Hi, I'm Radegund, another contributor to this blog. Ailbhe invited me to join ages ago, and I've been meaning to start posting ever since. Champion procrastinator, me. I have a two-year-old son, whom I'd very much like to continue educating at home once he reaches schoolgoing age. (Actually, now that I think of it, "at home" is a pretty reductive phrase to describe where his education will happen. "Not at school" is more accurate.)
I first became interested in non-traditional education in 2000, when a passing mention on an e-mail discussion list pointed me to the website of the Sudbury Valley School, Massachussetts, US. (Wow. That site is quite a bit slicker now than it was then.) From the moment I began to read, I was electrified by the idea of child-led learning.
Later, I read about unschooling (e.g. the Wikipedia entry and Unschooling.info) and found myself to be in visceral accord with it as an educational philosophy. The principles of respecting a child's time, of facilitating learning rather than coercing memorisation, of providing a stimulating, physically safe environment and then getting out of the way unless asked to help - these make so much sense to me that I can (still) barely articulate my opinions on the subject without becoming emotional.
I read John Holt's How Children Fail and How Children Learn (see this post for a list of his books) when my son was a baby, and came to the slightly heartstopping realisation that I was serious about this: I wanted to act on my beliefs and not send him to school. My husband and I have reached a loose agreement that we'll work something out, but the details are still hazy.

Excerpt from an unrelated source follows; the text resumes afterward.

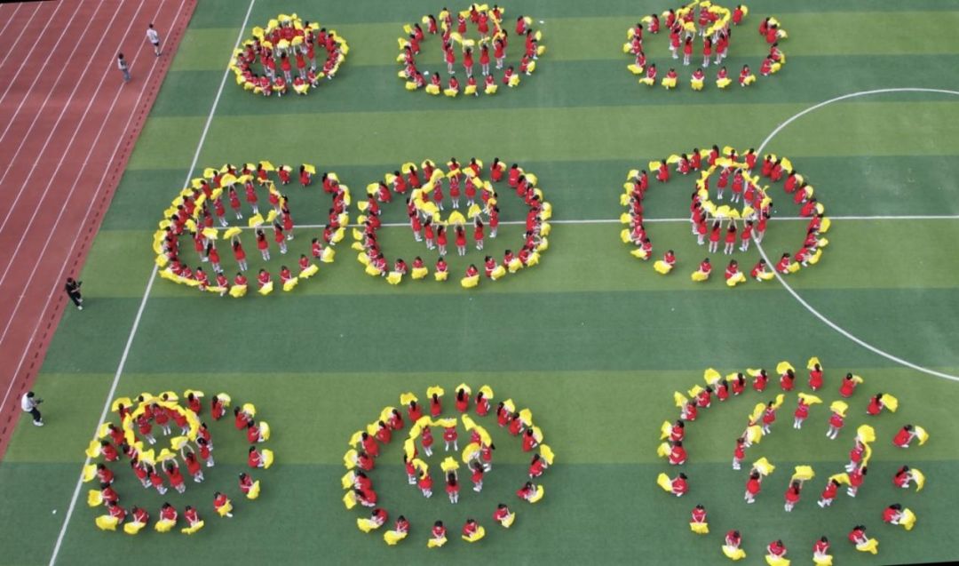 此时,场中变换出9组小方阵,九州大地是中国传统文化中的重要象征,承载着数千年的历史和文化,眼前这9组方阵寓意九州方圆、地大物博、气势磅礴。此刻,方阵又变换为9组同心圆,象征抗日战争时期,全国各族人民团结一心,同仇敌忾,浴血奋战,共赴国难,以星火燎原之势奋起抗争,夺取抗日战争的最后胜利!学子们团结一心、默契协作。她们整齐划一的动作、铿锵有力的步伐,这带来的不仅是视觉的盛宴,更是心灵的震撼,尽显经管学子奋进风貌。

Soon, I think, I'll try to get in touch with other home educators in our area and see if there's some kind of ready-made community I can join.
I don't ... necessarily ... think that traditional schooling is equally bad for all children. I think there may be some for whom (for whatever temperamental or circumstantial reasons) it provides more benefits than it imposes constraints. But the more I read and experience, the more I'm convinced that an alternative model is essential. I'd love child-led learning to be an option genuinely available to more people. Actual "home education", which fairly inevitably entails parents forgoing household income (as well as professional fulfilment, etc.), is a realistic (not to mention appealing) choice for, I would imagine, comparatively few. One day, when the time is right, I want to start a school on the Sudbury Valley model in Ireland. Until then, I'll work with what I have and try to ensure that my own children (the born and the hoped-for!) have access to whatever educational model is most suited to them.